「日本酒は悪酔いする」というイメージ

理由その2:日本酒はまずい

昔、一気飲みさせられ嫌な思いをした、ひどく悪酔いした。日本酒と聞けばこう答える人が多い。これにはいくつか理由がある。

酒の品質にばらつきがあったり、保存管理が悪く劣化した酒を提供していた店があったりしたこと。雑菌だらけの酒燗器のおかんは体にも悪かった。

また、戦後コメ不足の際に生み出された、醸造アルコールにブドウ糖や水あめなどの糖類、乳酸やコハク酸などの酸味料、そしてグルタミン酸ソーダを調合して造った三倍醸造酒がまだ流通しており、それを多量に飲んで気持ちが悪くなることも多かった。

逆に、70年代よりフルーティーで冷酒にぴったりの良質の吟醸酒が出回り始め、口当たりの良さで許容量以上に飲んでしまったこともその理由といえる。これは酒の質のせいではないが。さらに、一気飲みや罰ゲームで無理やり飲まされる当時の飲酒文化も日本酒に悪酔いイメージをつけてしまった一因だろう。

理由その3:日本酒はおじさんの酒、ダサい酒

ワインは女性ファンを取り込み消費拡大路線へと成功したが、日本酒はどうしても、男の酒、おじさんの酒、酔っぱらうための酒のイメージが強い。

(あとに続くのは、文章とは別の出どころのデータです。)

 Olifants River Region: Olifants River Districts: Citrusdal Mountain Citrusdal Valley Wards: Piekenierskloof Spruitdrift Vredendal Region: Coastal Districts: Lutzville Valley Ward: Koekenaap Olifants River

最近でこそ女性の一人飲みや女性歓迎の居酒屋も増えたが、一昔前は、飲み屋といえばおじさんばかりだったし、なかには「女性入店禁止」などという日本酒居酒屋もあったほど。おじさん同士でクダを巻き、酔いつぶれてしまう姿は、女性から敬遠されるばかりでなく、若い男性をも遠ざけてしまう雰囲気が日本酒にはある。

「日本酒はダイエットの敵」という間違ったイメージ

理由その4:日本酒は太る、体に悪い

「酒は飲みたいが日本酒は太るでしょ?」「医者から止められている」という声も多い。高血圧、動脈硬化、糖尿病、脳卒中、心筋梗塞などの生活習慣病に日本酒は大敵と思われているのだ。

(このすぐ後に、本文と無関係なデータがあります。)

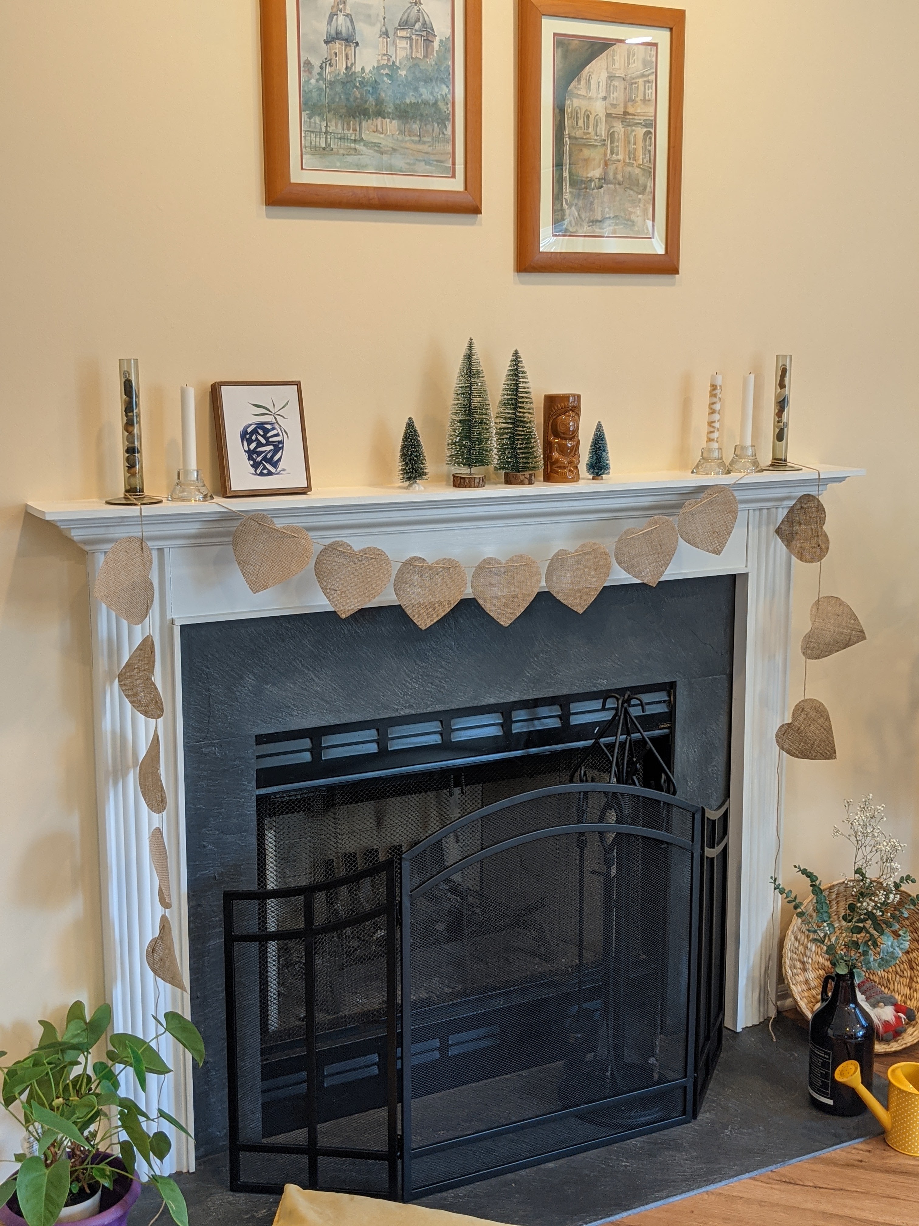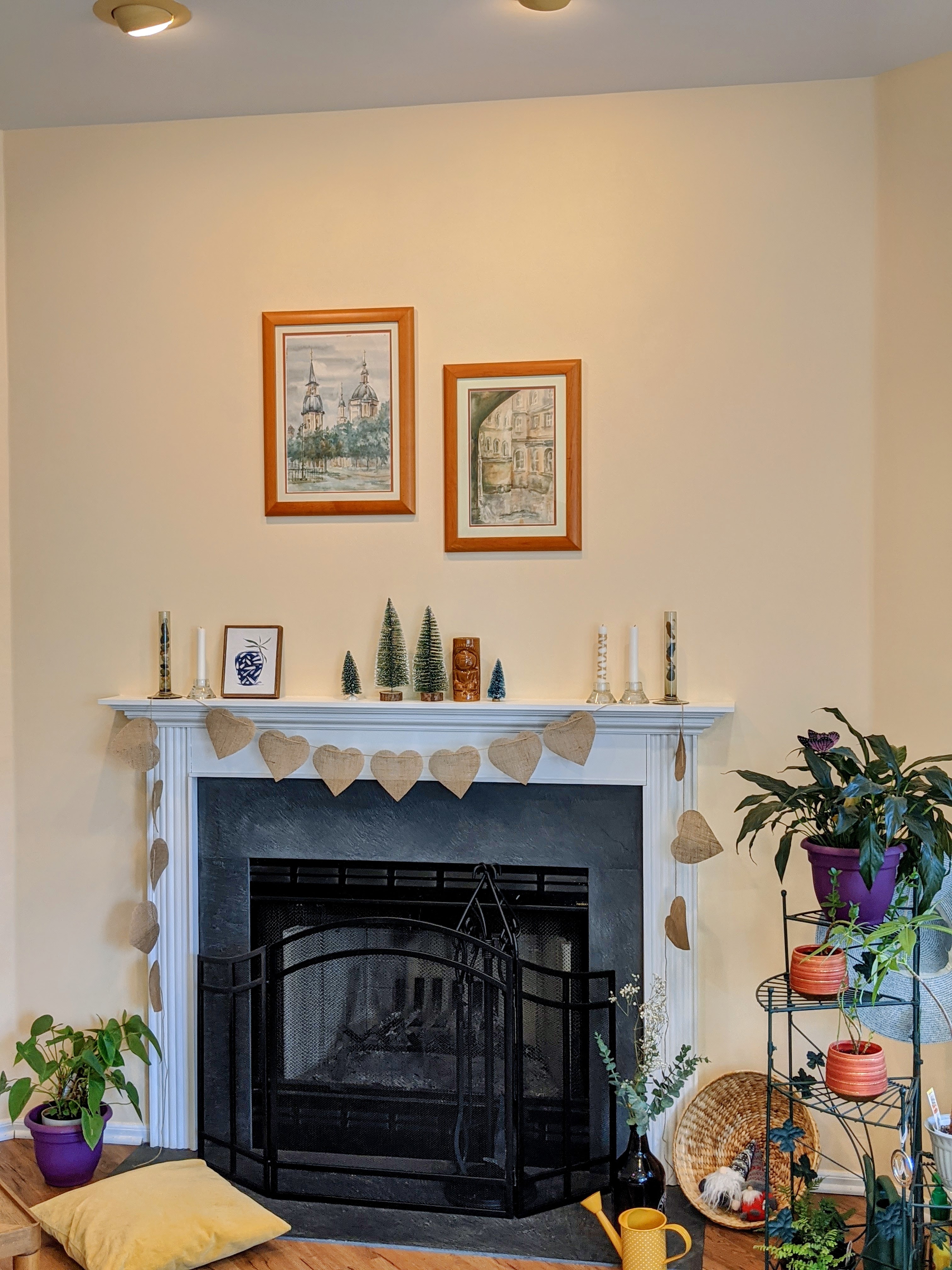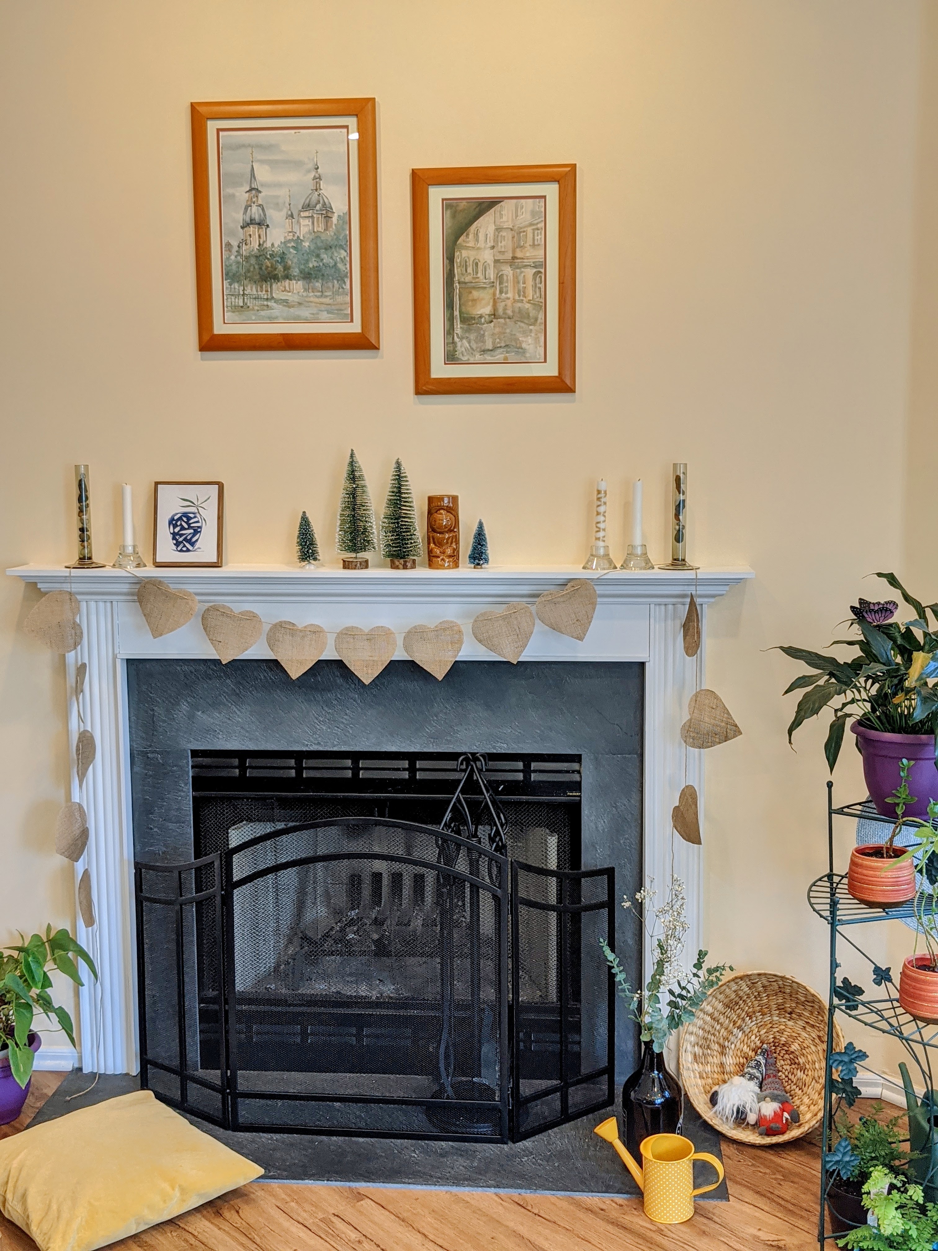 The next big theme holiday is Valentine’s Day and I have started my journey through all my boxes with décor elements that I already had. I have decided not to buy anything new this years and just play around with my little interior design palette. Plus we now have a wood fireplace, that, by itself, is a tremendous possibility for creativity and design experiments!

また、アルコールのカロリーや日本酒の糖分がダイエットの敵とも思われている。たしかに日本酒はほかの酒より含まれる糖分の量がやや多い。

とはいえその量はわずかで、生活習慣病に影響するほどのものではないし、酒よりもおつまみや飲んだ後のラーメンで太ることをダイエッターにはもっと知ってもらわねばならないのだが、日本酒には、どうしてもそういったイメージが付きまとう。

もちろん、飲みすぎはもってのほかだが、適量飲酒はかえって健康効果があるし、昔から日本酒は百薬の長と言われてきた。しかし日本酒はどうしても体に悪い飲み物と意識されてしまっている。